++++ Extracted entries

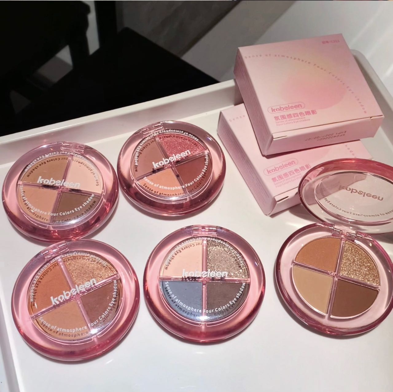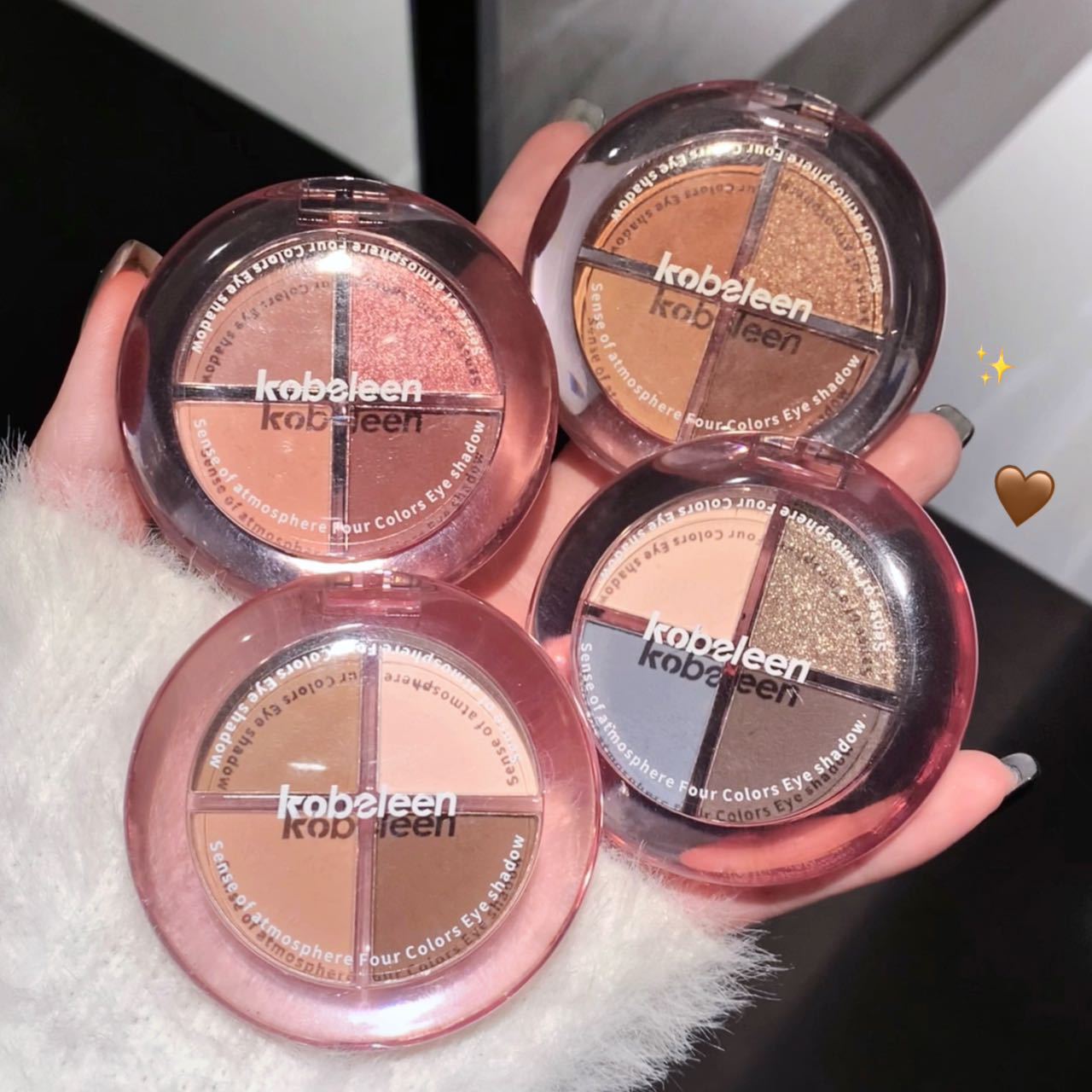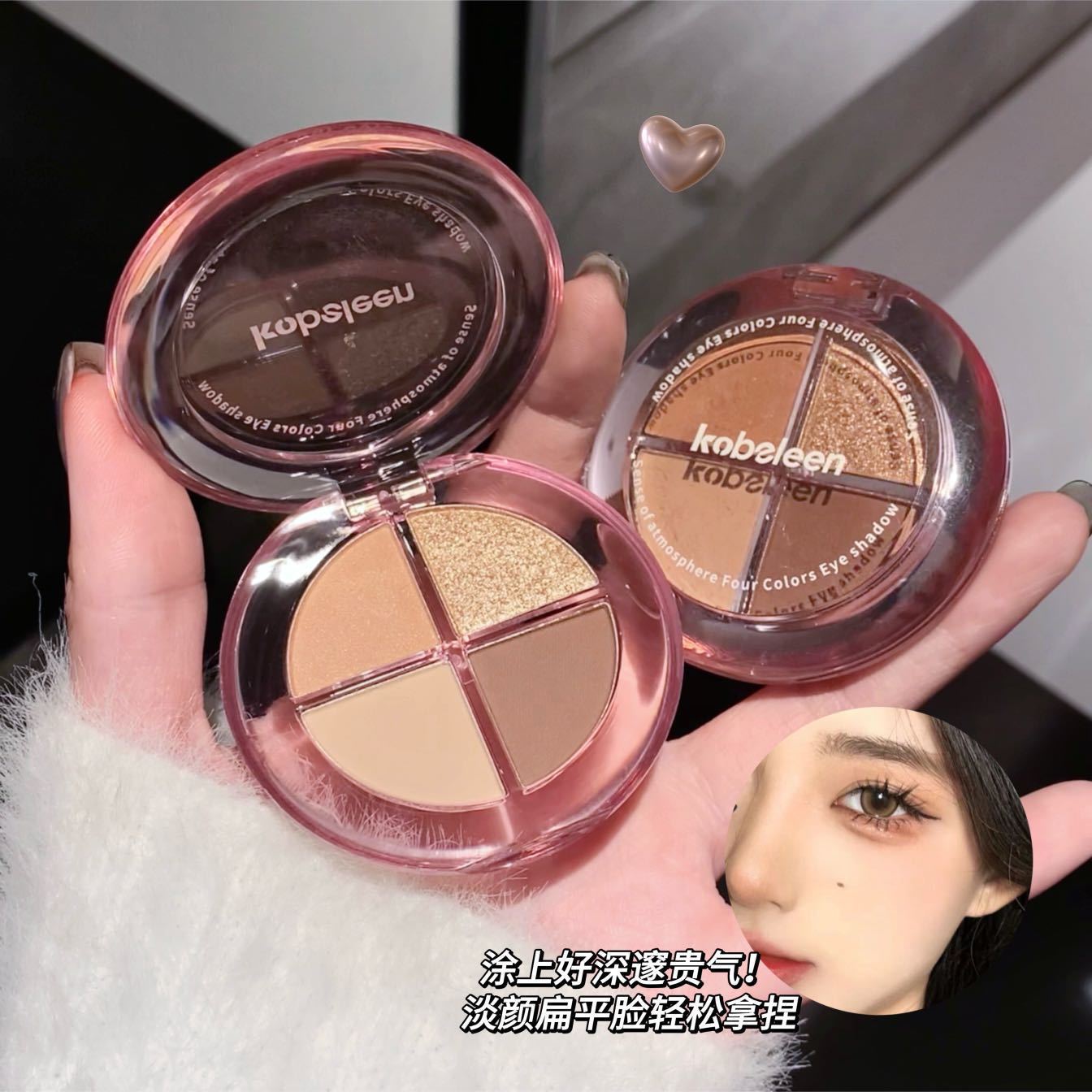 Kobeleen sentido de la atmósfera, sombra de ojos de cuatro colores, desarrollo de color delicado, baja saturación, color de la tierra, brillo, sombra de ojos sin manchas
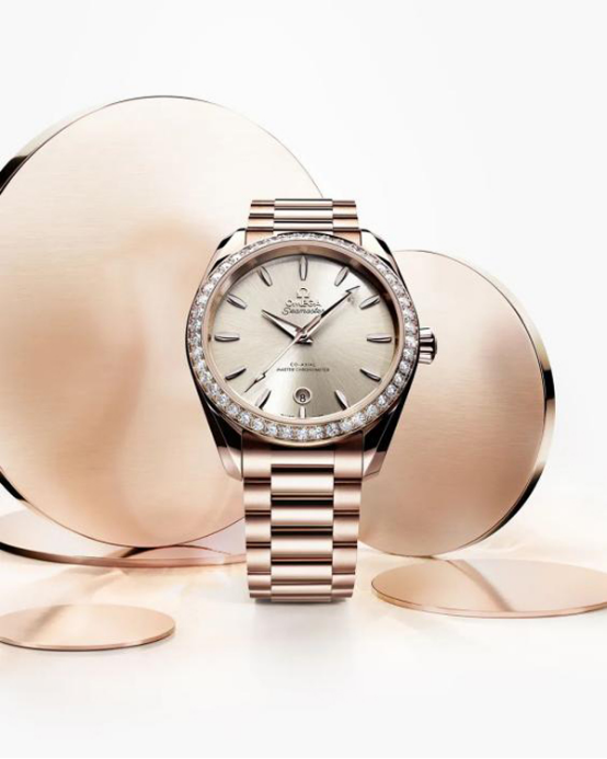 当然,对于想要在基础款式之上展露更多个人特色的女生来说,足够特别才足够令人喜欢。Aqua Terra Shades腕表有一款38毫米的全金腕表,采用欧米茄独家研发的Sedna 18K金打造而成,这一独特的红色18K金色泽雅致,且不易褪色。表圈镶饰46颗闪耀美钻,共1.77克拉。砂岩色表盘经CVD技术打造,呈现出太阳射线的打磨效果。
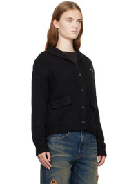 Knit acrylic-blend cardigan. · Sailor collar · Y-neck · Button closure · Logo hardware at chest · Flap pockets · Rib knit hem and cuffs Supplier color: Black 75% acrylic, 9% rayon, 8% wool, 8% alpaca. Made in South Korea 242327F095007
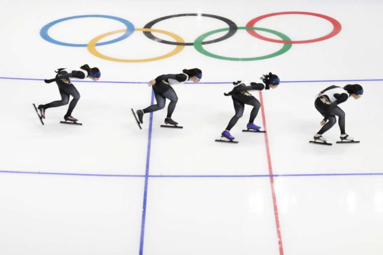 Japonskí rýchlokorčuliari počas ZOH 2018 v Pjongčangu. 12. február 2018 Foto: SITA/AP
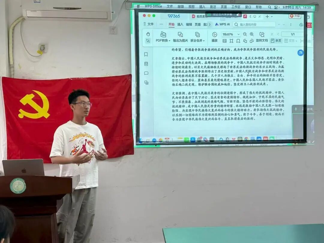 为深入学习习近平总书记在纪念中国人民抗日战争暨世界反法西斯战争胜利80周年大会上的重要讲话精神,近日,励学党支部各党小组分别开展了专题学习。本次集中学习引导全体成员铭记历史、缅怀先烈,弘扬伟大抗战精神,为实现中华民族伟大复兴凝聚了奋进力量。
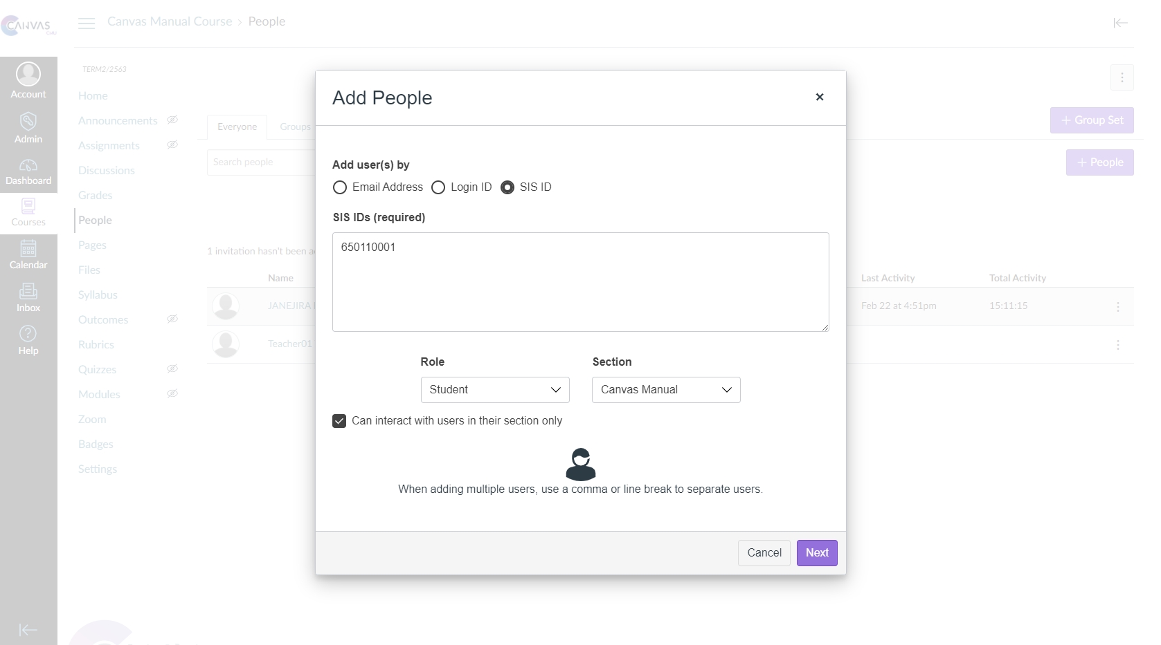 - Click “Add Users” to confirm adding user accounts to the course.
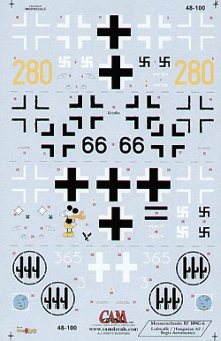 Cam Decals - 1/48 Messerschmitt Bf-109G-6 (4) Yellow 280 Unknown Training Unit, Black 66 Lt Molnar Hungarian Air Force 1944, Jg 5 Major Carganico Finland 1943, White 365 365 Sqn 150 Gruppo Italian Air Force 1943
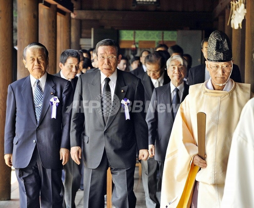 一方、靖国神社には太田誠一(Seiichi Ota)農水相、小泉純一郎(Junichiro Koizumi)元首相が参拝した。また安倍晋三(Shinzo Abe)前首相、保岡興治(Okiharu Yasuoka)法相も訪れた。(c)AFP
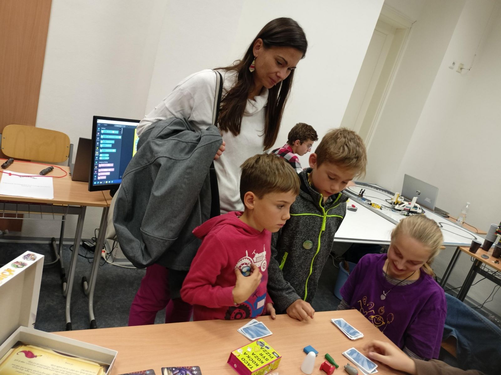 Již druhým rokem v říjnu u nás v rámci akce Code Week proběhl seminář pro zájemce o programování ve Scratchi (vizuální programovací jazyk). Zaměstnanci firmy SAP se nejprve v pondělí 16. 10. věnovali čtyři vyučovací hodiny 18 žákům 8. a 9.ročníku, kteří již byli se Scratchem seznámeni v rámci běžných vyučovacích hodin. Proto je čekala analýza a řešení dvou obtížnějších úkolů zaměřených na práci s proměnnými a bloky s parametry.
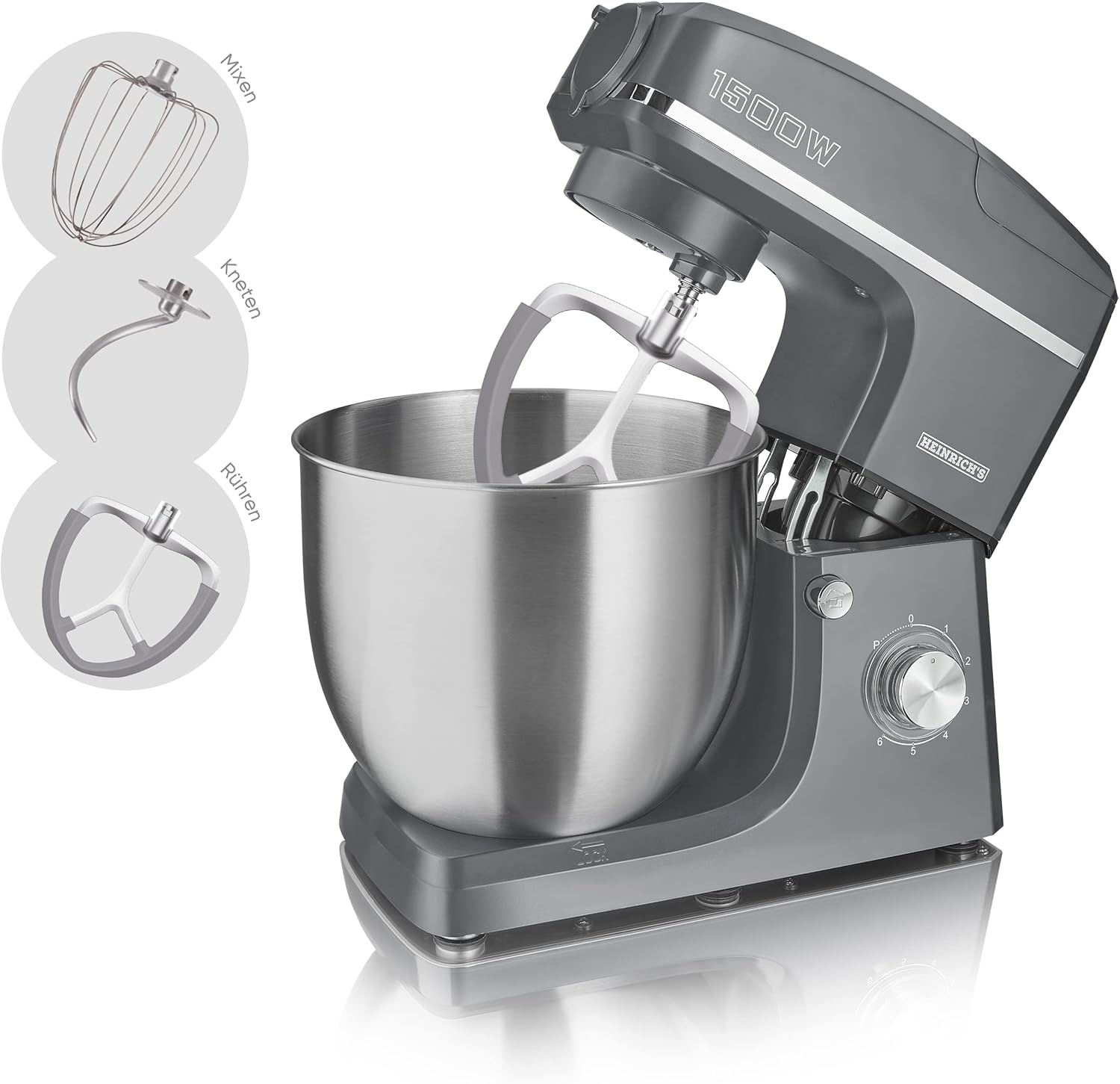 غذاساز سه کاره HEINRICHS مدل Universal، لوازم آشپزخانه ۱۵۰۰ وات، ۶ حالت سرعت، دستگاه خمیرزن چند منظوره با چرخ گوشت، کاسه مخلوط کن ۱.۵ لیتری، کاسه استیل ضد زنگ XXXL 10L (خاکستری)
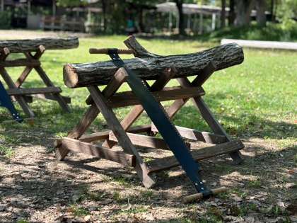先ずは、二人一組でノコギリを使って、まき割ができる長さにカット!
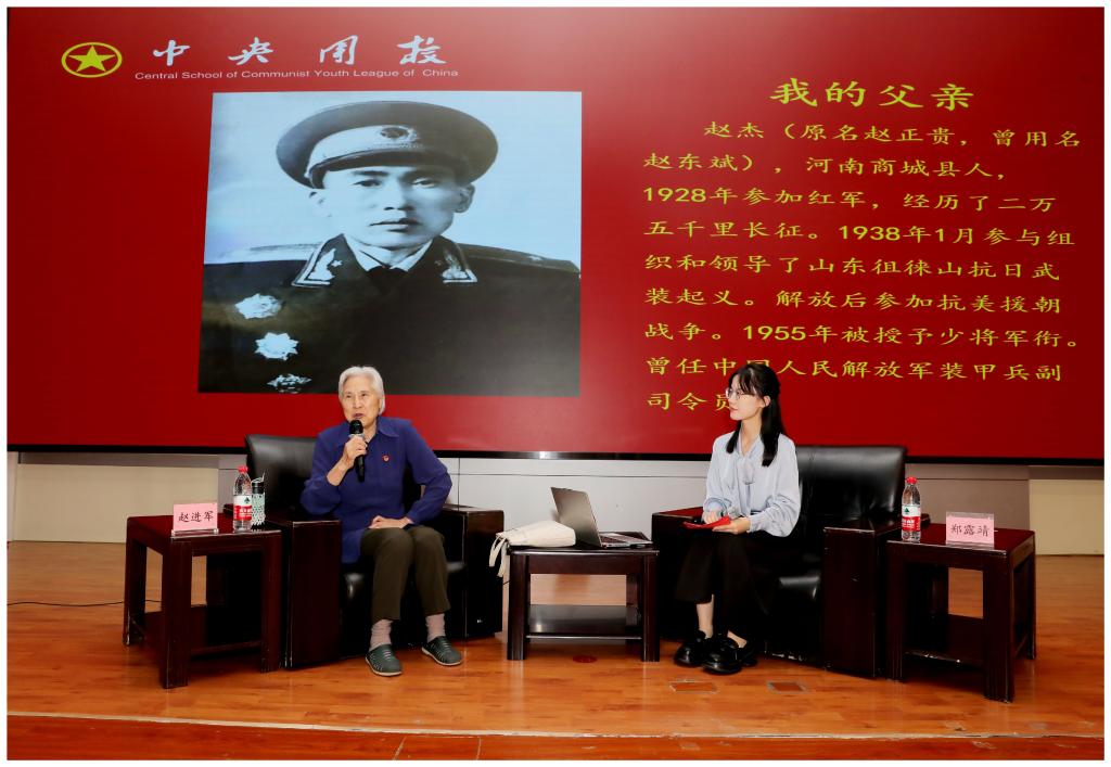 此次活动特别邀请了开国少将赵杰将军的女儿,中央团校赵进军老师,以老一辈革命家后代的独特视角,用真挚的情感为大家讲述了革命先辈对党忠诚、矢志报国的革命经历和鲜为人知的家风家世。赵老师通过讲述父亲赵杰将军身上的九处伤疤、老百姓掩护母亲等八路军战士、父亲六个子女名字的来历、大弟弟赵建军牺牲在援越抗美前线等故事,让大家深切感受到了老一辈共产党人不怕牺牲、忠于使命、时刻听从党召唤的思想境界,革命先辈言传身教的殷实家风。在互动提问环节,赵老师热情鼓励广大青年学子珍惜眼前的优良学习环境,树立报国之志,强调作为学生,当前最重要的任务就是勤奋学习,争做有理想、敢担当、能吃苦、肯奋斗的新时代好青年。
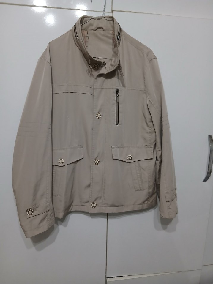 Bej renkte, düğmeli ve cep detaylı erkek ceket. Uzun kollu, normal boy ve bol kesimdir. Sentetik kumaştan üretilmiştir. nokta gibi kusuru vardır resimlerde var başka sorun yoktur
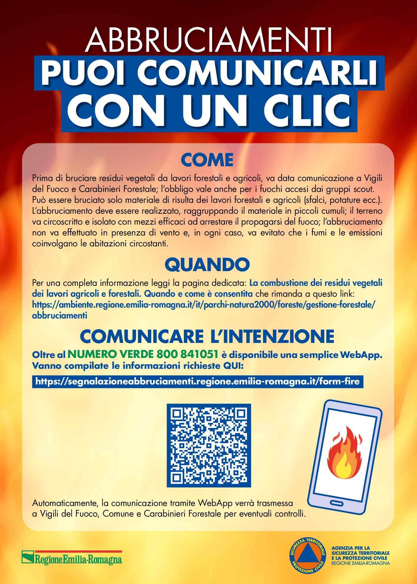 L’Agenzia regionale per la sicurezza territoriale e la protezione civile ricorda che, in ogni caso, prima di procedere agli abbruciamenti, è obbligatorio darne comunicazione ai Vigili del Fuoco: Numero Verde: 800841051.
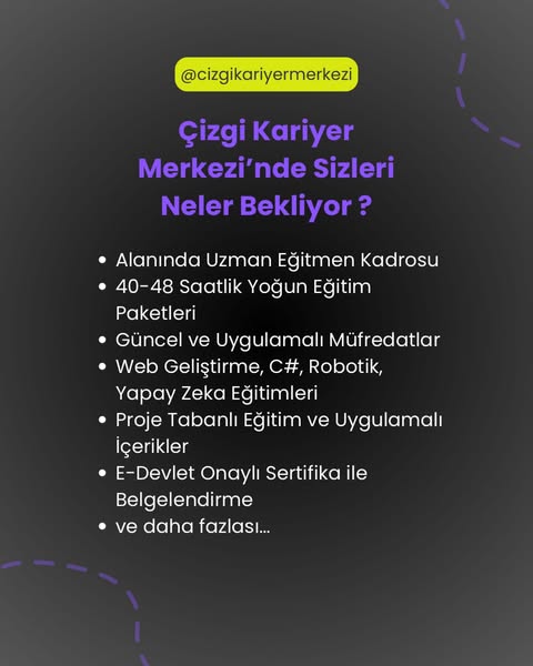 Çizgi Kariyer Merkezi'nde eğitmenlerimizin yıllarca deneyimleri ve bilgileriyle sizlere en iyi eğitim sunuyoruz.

++++++++

Your objective — Exactly as written, set down the lines from the line holding "L’Agenzia regionale per" to the last line of the data, both ends included, pictures excluded.

Answer to this problem —
 L’Agenzia regionale per la sicurezza territoriale e la protezione civile ricorda che, in ogni caso, prima di procedere agli abbruciamenti, è obbligatorio darne comunicazione ai Vigili del Fuoco: Numero Verde: 800841051.
 Çizgi Kariyer Merkezi'nde eğitmenlerimizin yıllarca deneyimleri ve bilgileriyle sizlere en iyi eğitim sunuyoruz.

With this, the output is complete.